═════ RECORDS FOR THIS TASK

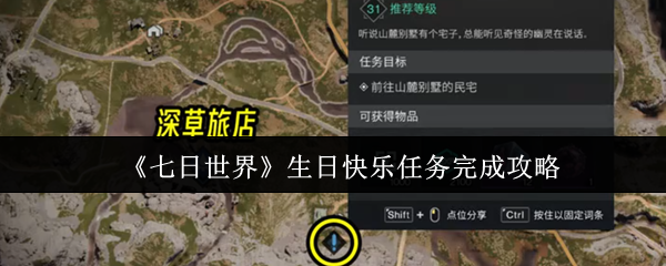七日世界生日快乐任务怎么完成?由于很多新手在过这一支线的时候失败,不知道生日快乐任务怎么做,所以下面的任务攻略就来讲述一下整个任务的流程,让大家能依照着去完成,从而顺利领取任务奖励,不知道该怎么做的玩家赶紧接着往下看吧。《七日世界》生日快乐任务完成攻略首先我们先前往深草旅店,在旅店的接取地点我们能看到一个精英怪和几个小怪在屋子的外面,其中的小怪甚至还会放出无人机来对我们攻击,由于这里怪的等级大多都...
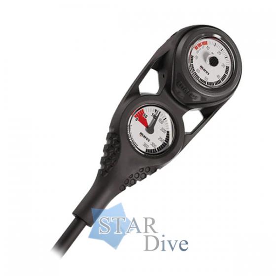 Состоящая из манометра и глубиномера, аналоговая консоль для дайвинга Mares Mission 2 чрезвычайно удобна в использовании. На ударопрочном корпусе из эластомерного технополимера имеются петли для крепления и эксплуатации консоли в подводном мире.
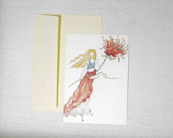 Das kunstvolle Motiv zeigt eine elegante Dame, die eine orangefarbene Blume in den Händen hält – ein stilvoller Hingucker mit besonderem Charme.
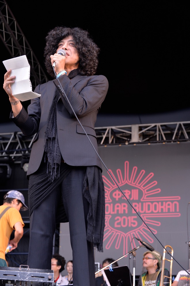 「3年目の今年はレイアウトを変えてバージョンアップしました! 特にREDEMPTION STAGEはだいぶ立派になりました。キッズエリアも大きくなって、私たちは着実に成長しております。今年のテーマは、“LOVE CHANGE THE WORLD”。愛が世界を変えるのです。国民の声を無視するどこかの国の政府や自分たちが作った素晴らしい憲法を踏みにじる権力者には世界は変えられません。私はそう思います。昨日、小学校でワークショップをしてきました。子供たちは満面の笑みで、“愛し合ってるかい?”と私に呼びかけているように見えました。愛し合いましょう! 私たちは大人なのです。音楽は必ず平和に続く道へ導いてくれます。音楽はこの星の奇跡的な愛の結晶なのですから。<中津川 THE SOLAR BUDOKAN 2015>、ここに開催します。今年のトップバッターは渋さ知らズオーケストラ!」──佐藤タイジ
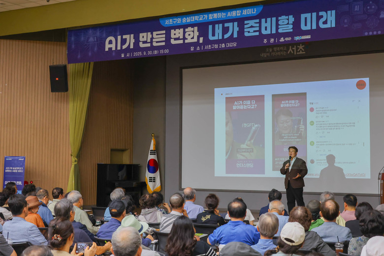 함께 강연에 참석한 전성수 서초구청장은 “이번 교육은 주민들이 AI를 단순히 도구로서가 아닌, 삶과 일에 변화를 가져올 중요한 기술로 인식하는 계기가 됐다”며, “앞으로도 서초구가 AI 교육 선도도시로 자리매김할 수 있도록 다각적인 노력을 이어가겠다”고 밝혔다.
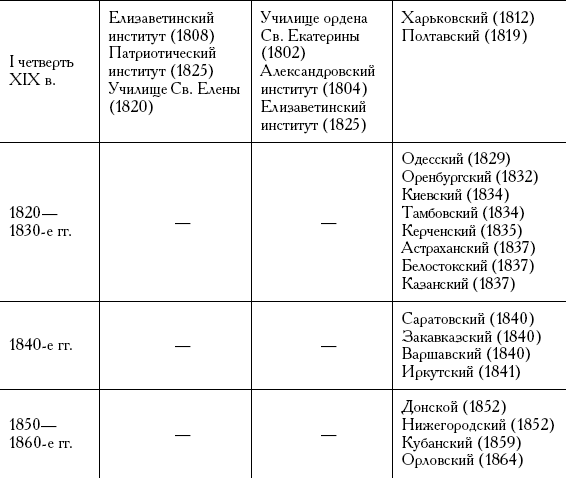 Как видим, в XVIII – первой четверти XIX в. женские институты открывались главным образом в Санкт-Петербурге и Москве. Позднее институты создавались только в губернских городах. 1830-е гг. были временем наиболее интенсивного учреждения женских институтов в губерниях. До этого из 14 существовавших институтов 11 находились в столицах (восемь – в Санкт-Петербурге и три – в Москве) и три в провинции – Харьковский (учрежден в 1812 г.), Полтавский (1819) и Одесский (1829). В 1830-х гг. было создано семь губернских женских институтов: Оренбургский (1832), Киевский (1834), Тамбовский (1834), Керченский (1835) и в 1837 г. – Астраханский, Белостокский и Казанский. В 1840-х гг. в губерниях было открыто еще четыре института: в 1840 г. – Варшавский, Закавказский, Саратовский и в 1841 г. – Иркутский, а в первой половине 1850 г. – два губернских института: Донской и Нижегородский, оба в 1852 г.
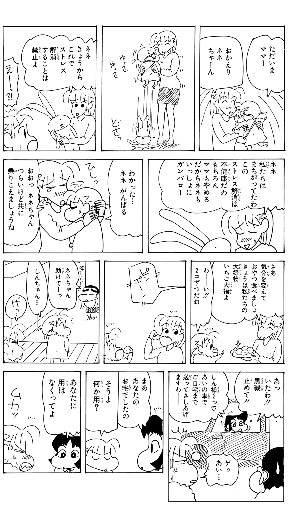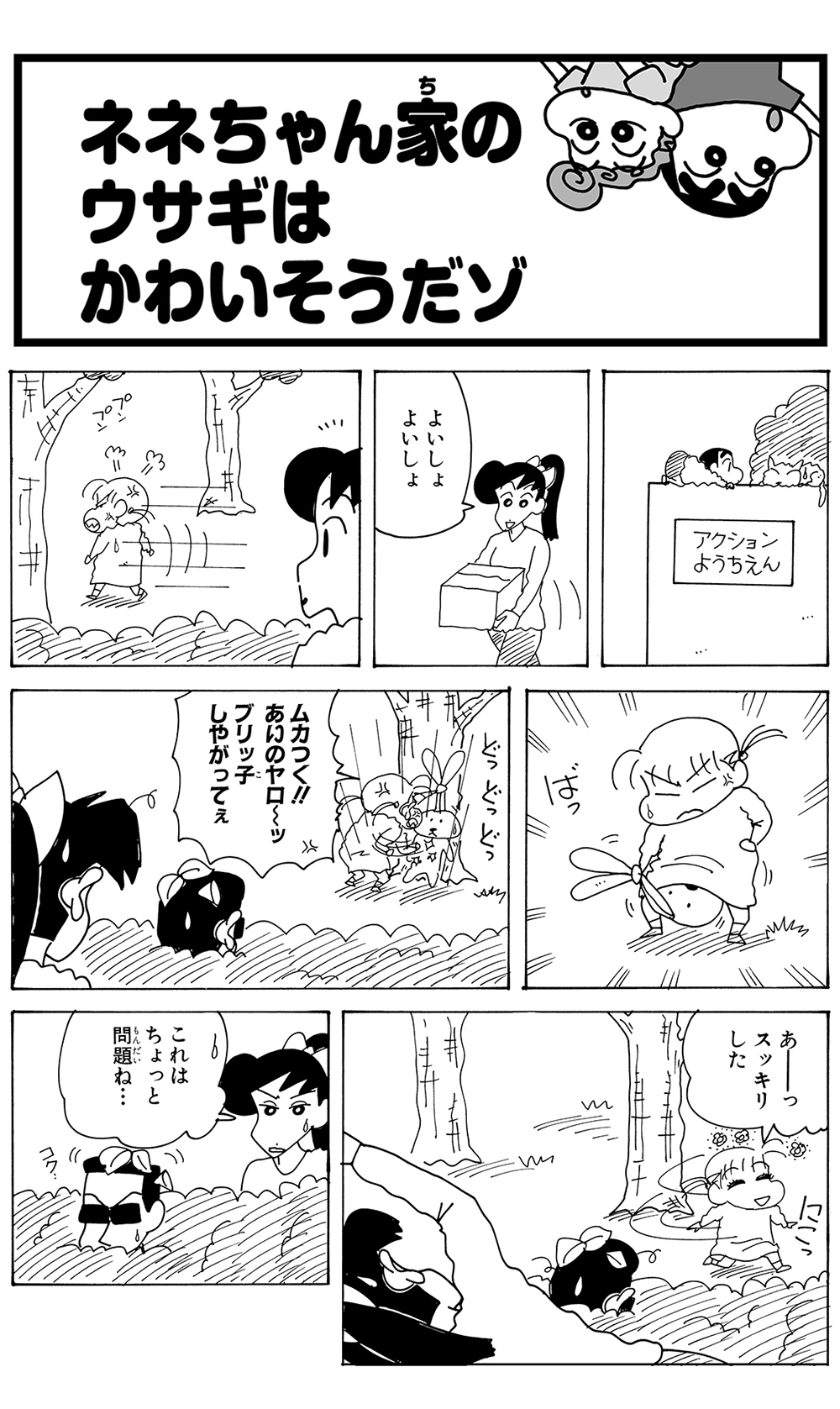 全7話公開中! 449 ネネちゃん家のウサギはかわいそうだゾ 2025.11.25 臼井儀人 ポスト LINEで送る ■ジュニア版クレヨンしんちゃん オリジナルのコミック『クレヨンしんちゃん』全50巻の中から、お子さまにも読みやすいお話をセレクトした再編版! 本記事は「ジュニア版 クレヨンしんちゃん 16」から一部抜粋・編集しました。 しんちゃん ネネちゃん アクション幼稚園 あいちゃん よしなが先生 ネネちゃんのママ ■ジュニア版クレヨンしんちゃん ■【画像】ライバルだゾ!握手を求めるしんちゃん■ ジュニア版クレヨンしんちゃんネネちゃん家のウサギはかわいそうだゾ このお話の単行本を購入 電子コミックストアで購入 原作: 臼井儀人 87年に『だらくやストア物語』が双葉社「週刊漫画アクション」新人賞佳作に入賞しデビュー。90年8月より『クレヨンしんちゃん』を同誌にて連載開始。その他の代表作は『おーえるグミ』『あんBaらんすぞ~ん』『すくらんぶるえっぐ』など。 「しんちゃん」の商品を見る

══════════

### ACTIVITY
Retype the records above line for line and exactly, omitting their pictures.

### SOLUTION FOR THIS EXERCISE
七日世界生日快乐任务怎么完成?由于很多新手在过这一支线的时候失败,不知道生日快乐任务怎么做,所以下面的任务攻略就来讲述一下整个任务的流程,让大家能依照着去完成,从而顺利领取任务奖励,不知道该怎么做的玩家赶紧接着往下看吧。《七日世界》生日快乐任务完成攻略首先我们先前往深草旅店,在旅店的接取地点我们能看到一个精英怪和几个小怪在屋子的外面,其中的小怪甚至还会放出无人机来对我们攻击,由于这里怪的等级大多都...
 Состоящая из манометра и глубиномера, аналоговая консоль для дайвинга Mares Mission 2 чрезвычайно удобна в использовании. На ударопрочном корпусе из эластомерного технополимера имеются петли для крепления и эксплуатации консоли в подводном мире.
 Das kunstvolle Motiv zeigt eine elegante Dame, die eine orangefarbene Blume in den Händen hält – ein stilvoller Hingucker mit besonderem Charme.
 「3年目の今年はレイアウトを変えてバージョンアップしました! 特にREDEMPTION STAGEはだいぶ立派になりました。キッズエリアも大きくなって、私たちは着実に成長しております。今年のテーマは、“LOVE CHANGE THE WORLD”。愛が世界を変えるのです。国民の声を無視するどこかの国の政府や自分たちが作った素晴らしい憲法を踏みにじる権力者には世界は変えられません。私はそう思います。昨日、小学校でワークショップをしてきました。子供たちは満面の笑みで、“愛し合ってるかい?”と私に呼びかけているように見えました。愛し合いましょう! 私たちは大人なのです。音楽は必ず平和に続く道へ導いてくれます。音楽はこの星の奇跡的な愛の結晶なのですから。<中津川 THE SOLAR BUDOKAN 2015>、ここに開催します。今年のトップバッターは渋さ知らズオーケストラ!」──佐藤タイジ
 함께 강연에 참석한 전성수 서초구청장은 “이번 교육은 주민들이 AI를 단순히 도구로서가 아닌, 삶과 일에 변화를 가져올 중요한 기술로 인식하는 계기가 됐다”며, “앞으로도 서초구가 AI 교육 선도도시로 자리매김할 수 있도록 다각적인 노력을 이어가겠다”고 밝혔다.
 Как видим, в XVIII – первой четверти XIX в. женские институты открывались главным образом в Санкт-Петербурге и Москве. Позднее институты создавались только в губернских городах. 1830-е гг. были временем наиболее интенсивного учреждения женских институтов в губерниях. До этого из 14 существовавших институтов 11 находились в столицах (восемь – в Санкт-Петербурге и три – в Москве) и три в провинции – Харьковский (учрежден в 1812 г.), Полтавский (1819) и Одесский (1829). В 1830-х гг. было создано семь губернских женских институтов: Оренбургский (1832), Киевский (1834), Тамбовский (1834), Керченский (1835) и в 1837 г. – Астраханский, Белостокский и Казанский. В 1840-х гг. в губерниях было открыто еще четыре института: в 1840 г. – Варшавский, Закавказский, Саратовский и в 1841 г. – Иркутский, а в первой половине 1850 г. – два губернских института: Донской и Нижегородский, оба в 1852 г.
 全7話公開中! 449 ネネちゃん家のウサギはかわいそうだゾ 2025.11.25 臼井儀人 ポスト LINEで送る ■ジュニア版クレヨンしんちゃん オリジナルのコミック『クレヨンしんちゃん』全50巻の中から、お子さまにも読みやすいお話をセレクトした再編版! 本記事は「ジュニア版 クレヨンしんちゃん 16」から一部抜粋・編集しました。 しんちゃん ネネちゃん アクション幼稚園 あいちゃん よしなが先生 ネネちゃんのママ ■ジュニア版クレヨンしんちゃん ■【画像】ライバルだゾ!握手を求めるしんちゃん■ ジュニア版クレヨンしんちゃんネネちゃん家のウサギはかわいそうだゾ このお話の単行本を購入 電子コミックストアで購入 原作: 臼井儀人 87年に『だらくやストア物語』が双葉社「週刊漫画アクション」新人賞佳作に入賞しデビュー。90年8月より『クレヨンしんちゃん』を同誌にて連載開始。その他の代表作は『おーえるグミ』『あんBaらんすぞ~ん』『すくらんぶるえっぐ』など。 「しんちゃん」の商品を見る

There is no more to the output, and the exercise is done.